Requires Node 20+. Pure ESM, zero runtime dependencies.

Three pieces

1. EpisodicStore

Append-only event log of agent interactions. Embedded at write time when an embedder is configured. Real deletes, no tombstones, no derived artifacts.

import { EpisodicStore } from "@mukundakatta/agentmemory";

const store = new EpisodicStore({
  embedder: async (text) => myEmbedder(text), // optional; falls back to keyword overlap
});

await store.append({
  sessionId: "user-42",
  kind: "user_message",
  text: "I prefer Postgres for the new project",
});

const hits = await store.retrieve("which database should I use", {
  sessionId: "user-42",
  topK: 5,
});

// Real delete: gone, no trace.
const eventId = hits[0].id;
store.deleteEvent(eventId);

// Retention policies are first-class:
store.deleteOlderThan(Date.now() - 30 * 24 * 60 * 60 * 1000);
store.deleteSession("user-42");

2. OnDemandSummarizer

The pull-model context builder.
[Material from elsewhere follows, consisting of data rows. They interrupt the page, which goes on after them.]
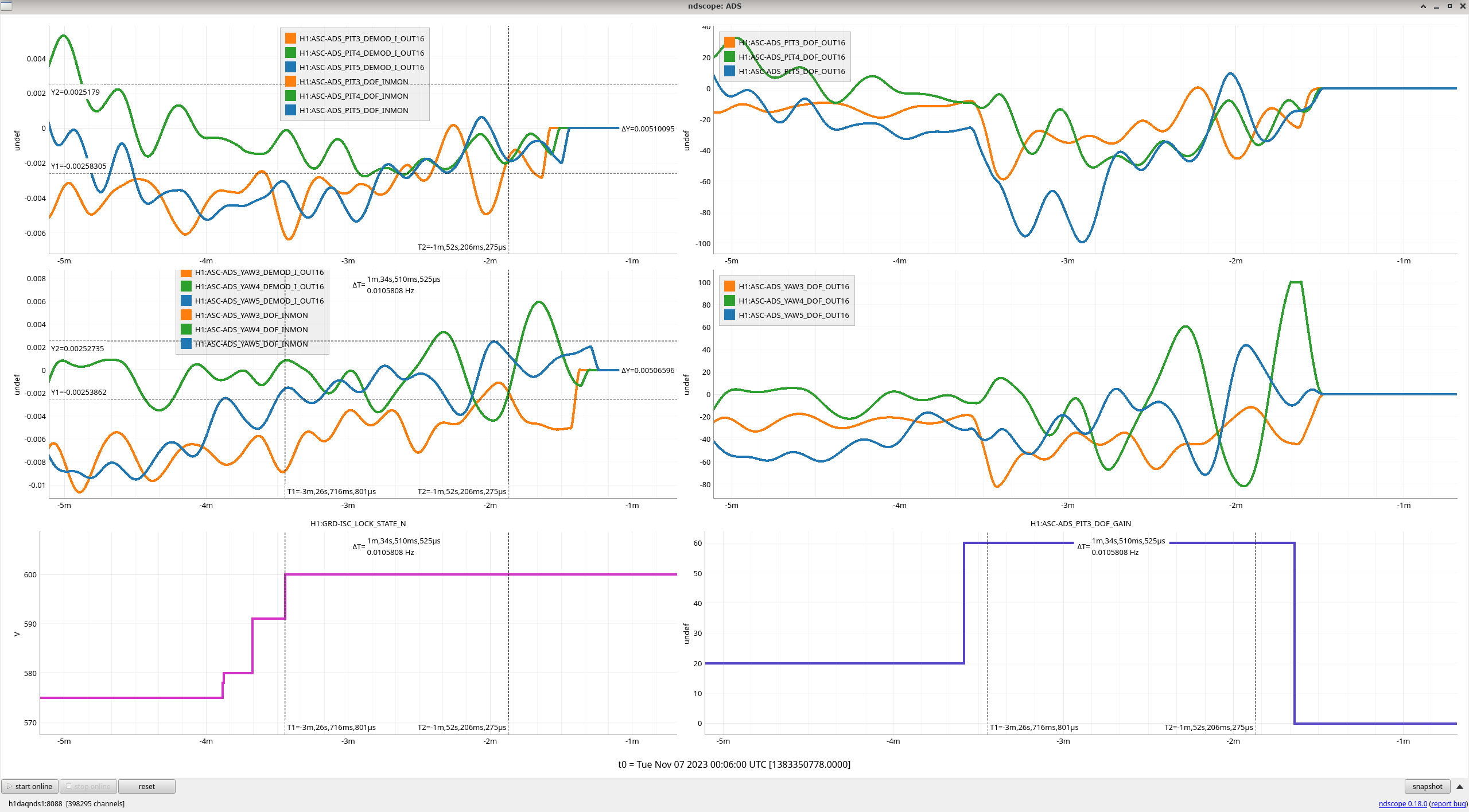 However, note that the DC value for MAX and MIN during the time OMC was kept on resonance were about 48k and 47k, respectively. The fact that MIN went to negative 80k and MAX went to positive 120k means that the transient response was huge.
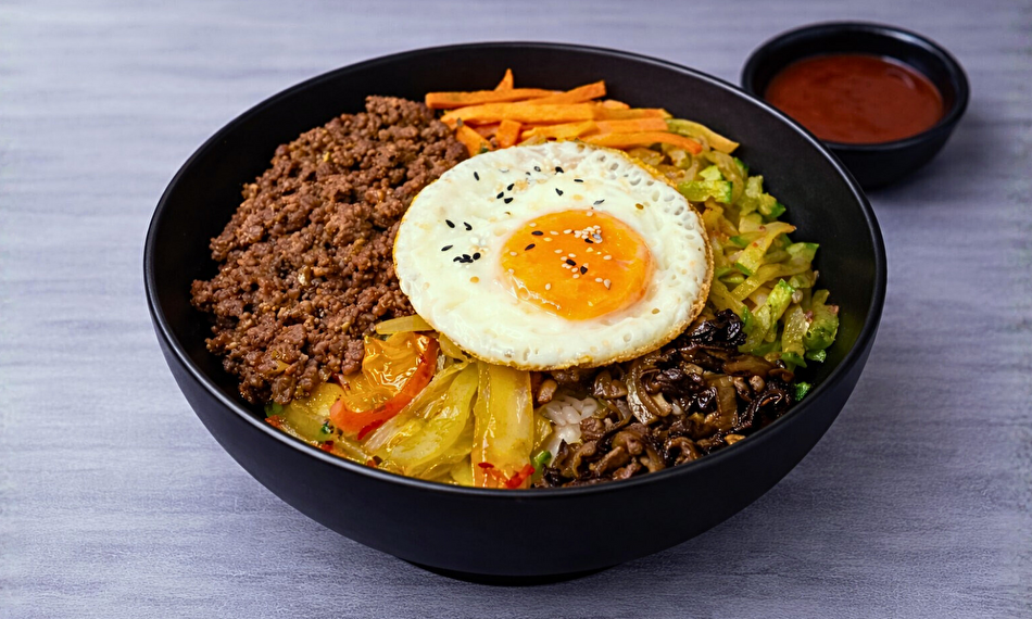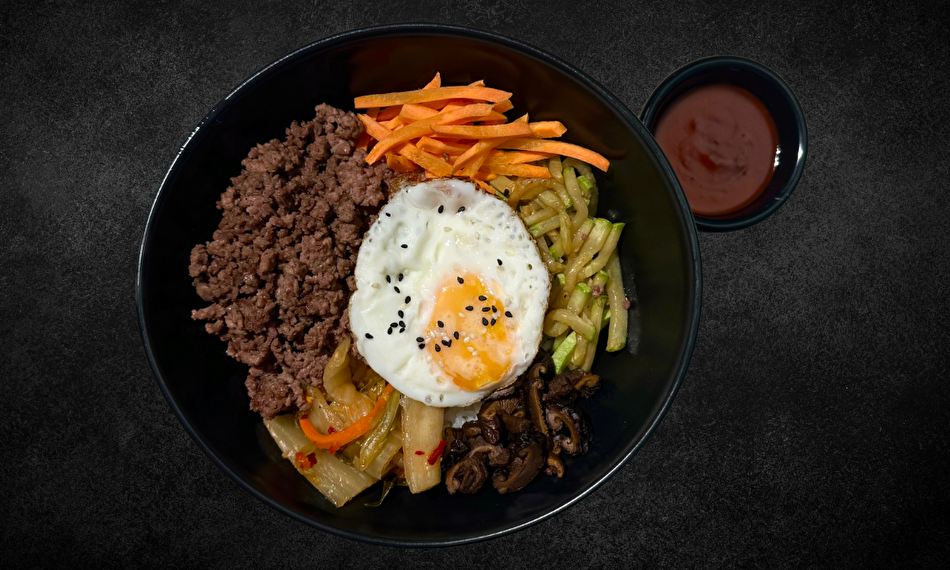 ბრინჯი, საქონლის ფარში, კვერცხი, სტაფილო, სოკო შიიტაკე, ყაბაყი, კიმჩი, ცხარე სოუსი, სოიოს სოუსი
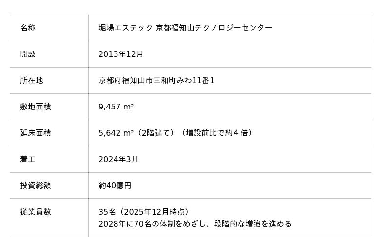 さらに、本施設の拡張と京都福知山工場の立上げに伴い、研究開発から生産までを一体で担う新たな拠点として、地域の雇用創出と人財※4定着に貢献します。
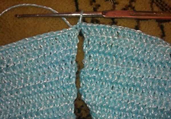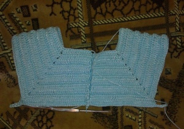 - Tying yoke, proceed to the armhole. Tie 10 crochets to the first shell, 2 pillar. double crochet in 1st vozd. n. the previous row, 7-9 air. p., skip the side and make 2 double crochets in the 2nd air loop of the second arch-shell of the previous row.
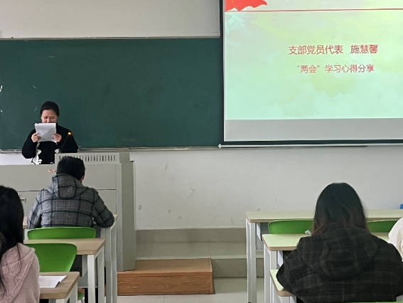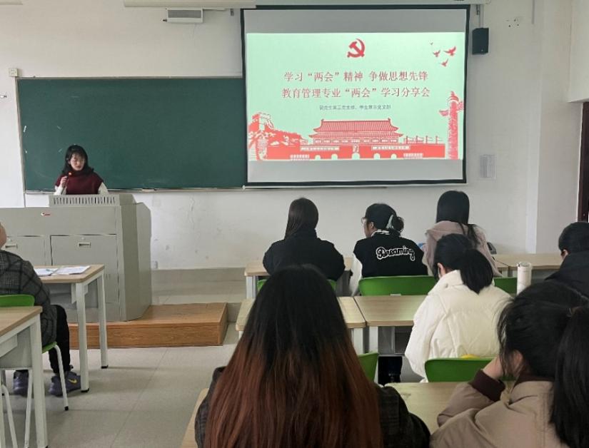 为了更好团结引领各位党员紧跟党奋进新征程、夺取新胜利,端正支部全体党员同志的思想态度,任婉卿同志带领全体同志深入学习了全国两会的会议精神,并号召支部教育管理专业的党员代表进行“两会”精神的学习分享,党员代表们重点分享了关于全国两会期间习近平总书记的重要讲话精神以及政府工作报告中有关教育工作部署内容的学习心得。研究生第三党支部党员代表施慧馨同志表示,党员要有先进意识,作为新时代的青年,要及时跟进并研学习近平总书记最新的重要讲话精神,认真学习政府工作报告,并号召全体与会党员把握时代大势,为实现中华民族伟大复兴的中国梦而努力奋斗。
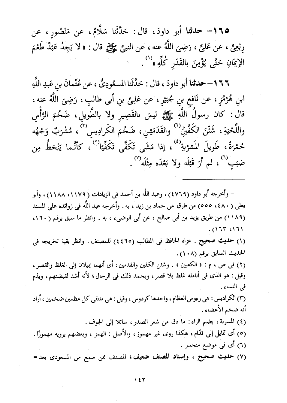 166 - حَدَّثَنَا أَبُو دَاوُدَ قَالَ: حَدَّثَنَا الْمَسْعُودِيُّ، عَنْ عُثْمَانَ بْنِ عَبْدِ اللَّهِ بْنِ هُرْمُزَ، عَنْ نَافِعِ بْنِ جُبَيْرٍ، عَنْ عَلِيِّ بْنِ أَبِي طَالِبٍ رَضِيَ اللَّهُ عَنْهُ، قَالَ: «§كَانَ رَسُولُ اللَّهِ صَلَّى اللهُ عَلَيْهِ وَسَلَّمَ لَيْسَ بِالْقَصِيرِ وَلَا بِالطَّوِيلِ ضَخْمَ الرَّأْسِ وَاللِّحْيَةِ شَثْنَ الْكَفَّيْنِ وَالْقَدَمَيْنِ ضَخْمَ الْكَرَادِيسِ، مُشْرَبٌ وَجْهُهُ حُمْرَةً، طَويلَ الْمَسْرُبَةِ إِذَا مَشَى تَكَفَّى تَكَفِّيًا كَأَنَّمَا يَنْحَطُّ مِنْ صَبَبٍ لَمْ أَرَ قَبْلَهُ وَلَا بَعْدَهُ مِثْلَهُ»
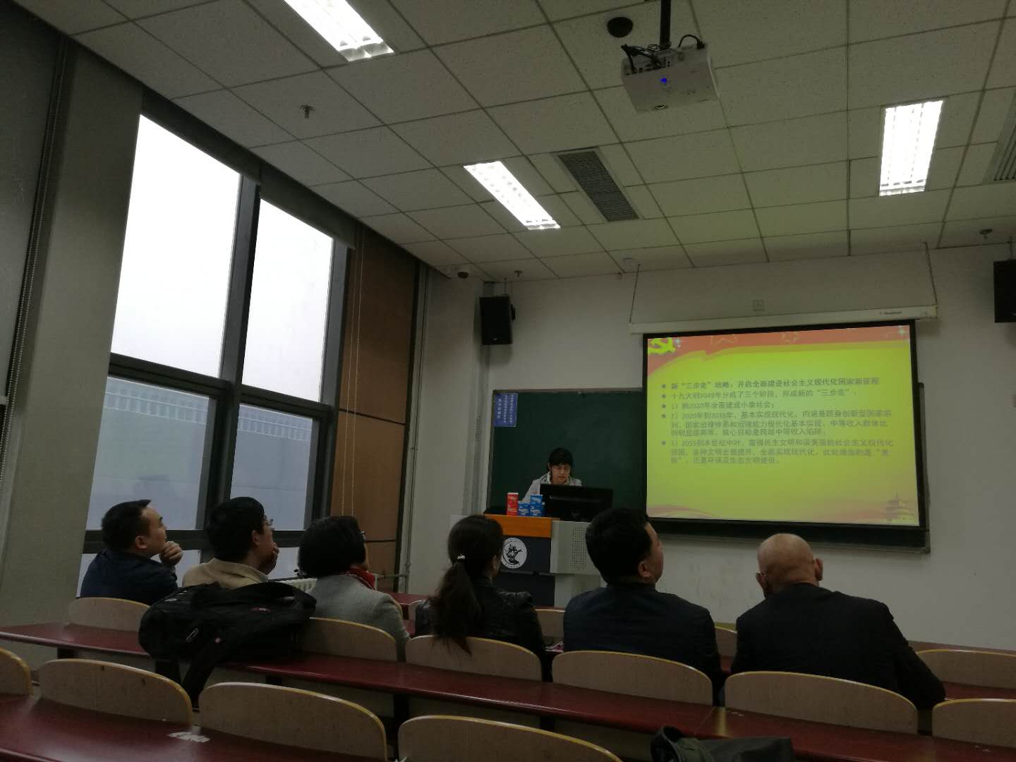首先,支部书记王怡璞同志带领支部成员共同学习了十九大精神,深入学习习近平新时代中国特色社会主义思想。习近平总书记提出,此次大会的主题是不忘初心、牢记使命,高举中国特色社会主义伟大旗帜,决胜全面建成小康社会,夺取新时代中国特色社会主义伟大胜利,为实现中华民族伟大复兴的中国梦不懈奋斗。习近平新时代中国特色社会主义思想是对马克思列宁主义、毛泽东思想、邓小平理论、“三个代表”重要思想、科学发展观的继承和发展,是马克思主义中国化最新成果,是党和人民实践经验和集体智慧的结晶,是中国特色社会主义理论体系的重要组成部分,是全党全国人民为实现中华民族伟大复兴而奋斗的行动指南。支部成员一致认为,应认真学习贯彻习近平新时代中国特色社会主义思想,将自身思想和行动统一到十九大精神上来,努力在自身工作岗位上做出成绩。
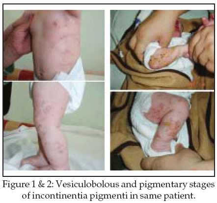 1-6 In the present case, the patient had skin lesions at her birth, which confirms that the disease can start in utero, as reported by other authors.2 In follow-up study at 4 month old, the infant had normal growth and development, her head circumference, hair and nail were normal, and ophthalmologic examination was negative. The skin lesions were in hyperpigmentation stage with macular hyperpigmentation in a swirled pattern along the lines (Fig-2).IPS is an X-linked dominant condition but genetic heterogenicity may exist, for this reason all the patients with it must have complete family physical studies.
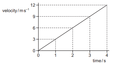 The diagram shows a velocity–time graph for an object moving in a straight line.
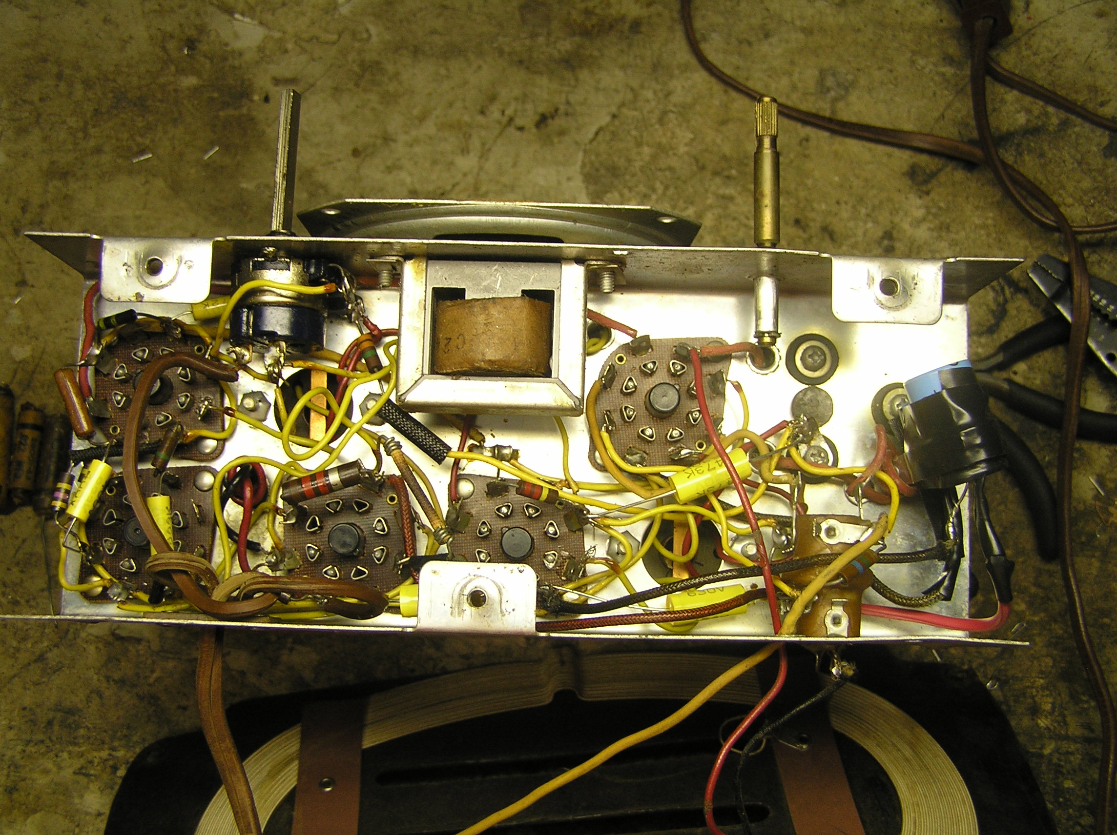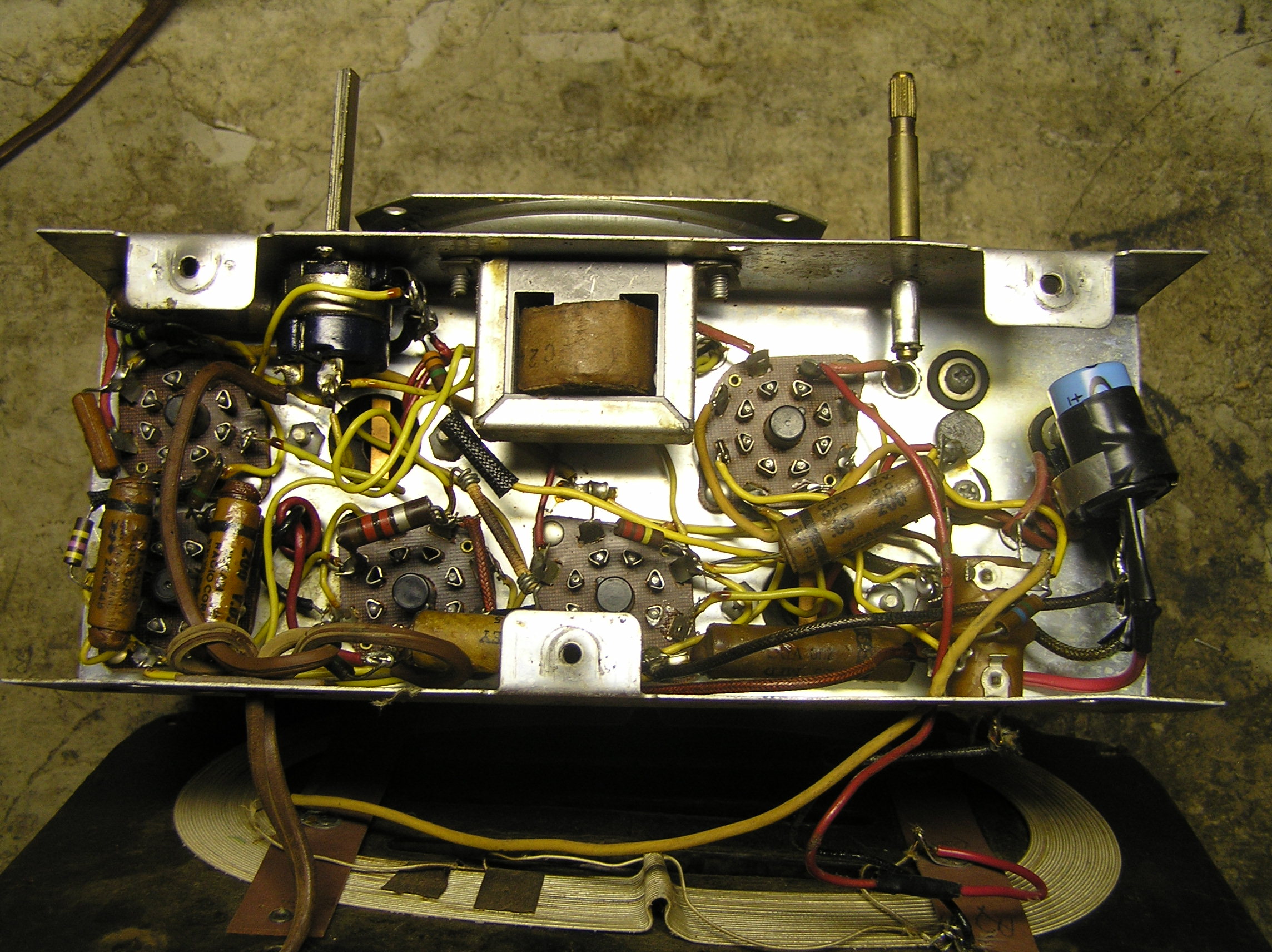 Since I wanted to use this set, I went ahead and replaced the six paper capacitors. This was a relatively straight-forward set to work on, and the work was made easier by the fact that the leads were only loosely wrapped around the terminals. The hardest part was the capacitor from the B- to chassis, because the chassis end lead connects under the oscillator coil.
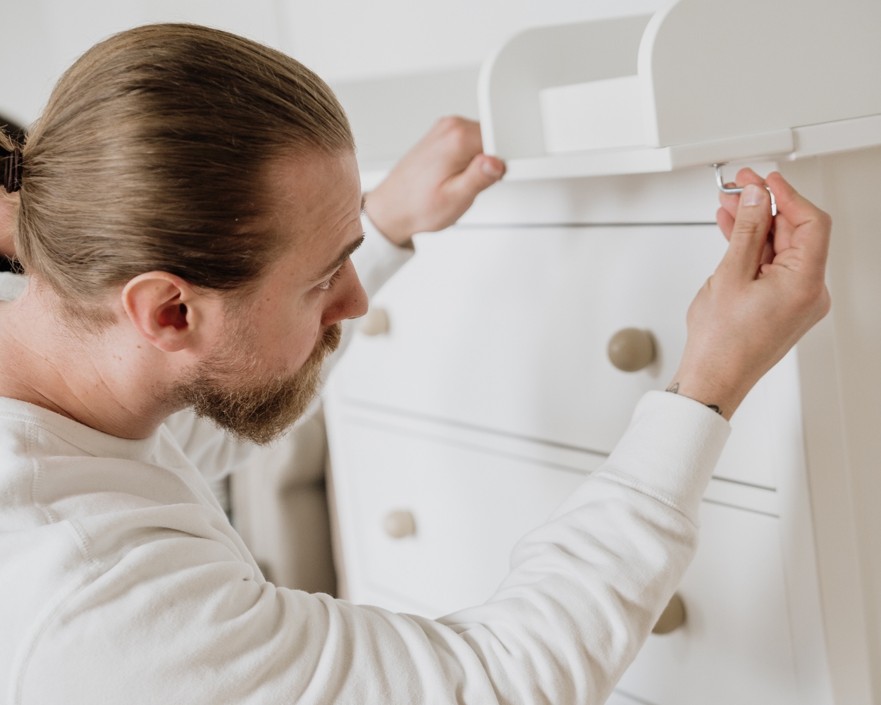 Wenn du den Aufsatz zusammengebaut hast, kannst du die Kommode nun ca. 15 cm nach vorne ziehen, sodass zwischen Kommode und Wand eine Lücke entsteht. Jetzt kannst du den Wickelaufsatz auf die Kommode aufsetzen.
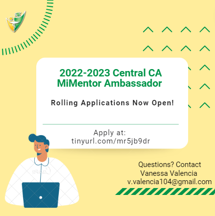 My name is Vanessa Valencia and I am currently the external president for MiMentor. MiMentor is an organization geared towards providing pre-health students with information/resources on how to navigate pre-health pathways and opportunities for mentorship through various workshops. The Central California region is searching for ambassadors to join our team! If you would like any additional information, please let me know.
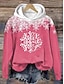 Felpa Natalizia da Donna con Fiocco di Neve Moda Casual a Maniche Lunghe con Cappuccio Tops Regolari Quotidiani Casual Stampa con Coulisse Rosso Blu Viola Verde Autunno Inverno
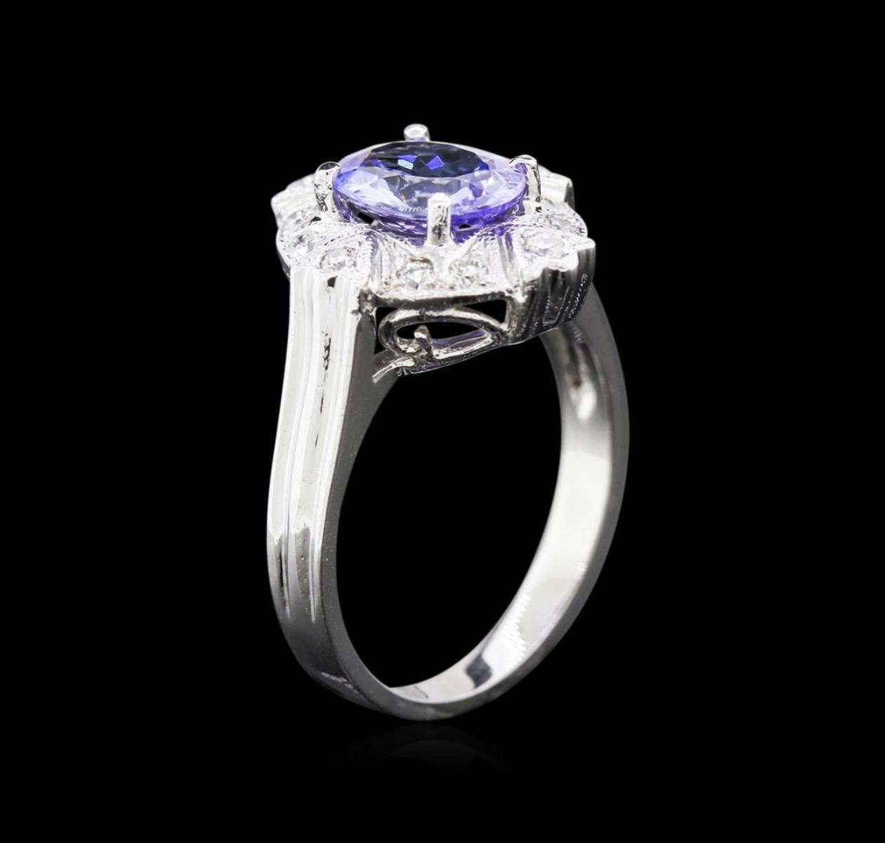 One ring featuring: 14KT white gold weighing 4.60 grams containing one tanzanite center stone with a total weight of 1.67ct and 12 diamonds with a total weight of 0.23ct.
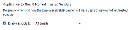 - For a banner to be displayed on emails from new or not yet trusted senders, in the Application to New & Not Yet Trusted Senders section, verify the Enable & apply to check box is selected. It is recommended that All Emails be selected in the list.
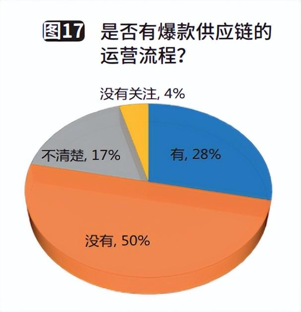 目前仅有28%的企业有和爆款相关的运营流程,50%明确没有爆款供应链,17%不清楚,4%没有关注过爆款供应链(见图17)。

Bring your own LLM. The summary is shown in the trace, never silently injected.

import { OnDemandSummarizer } from "@mukundakatta/agentmemory";
import Anthropic from "@anthropic-ai/sdk";

const claude = new Anthropic();

const summarizer = new OnDemandSummarizer({
  llm: async (prompt) => {
    const r = await claude.messages.create({
      model: "claude-3-5-haiku-latest",
      max_tokens: 400,
      messages: [{ role: "user", content: prompt }],
    });
    return r.content[0].text;
  },
  maxTokens: 300,
});

const events = await store.retrieve("pick a database", { topK: 5 });
const { summary, trace } = await summarizer.summarize(events, "pick a database");

console.log("Summary:", summary);
console.log("Built from event ids:", trace.eventIds);
console.log("Prompt sent to LLM:", trace.prompt);

The trace lets you show the user (or log to your audit trail) exactly which events fed the summary. This is the key honesty property: nothing silent, nothing magical.

3. MemoryDriftWatcher

Watches retrieval quality over time. If yesterday's "remember when we discussed X" stops returning anything because user intent has drifted, you get a signal instead of a silent regression.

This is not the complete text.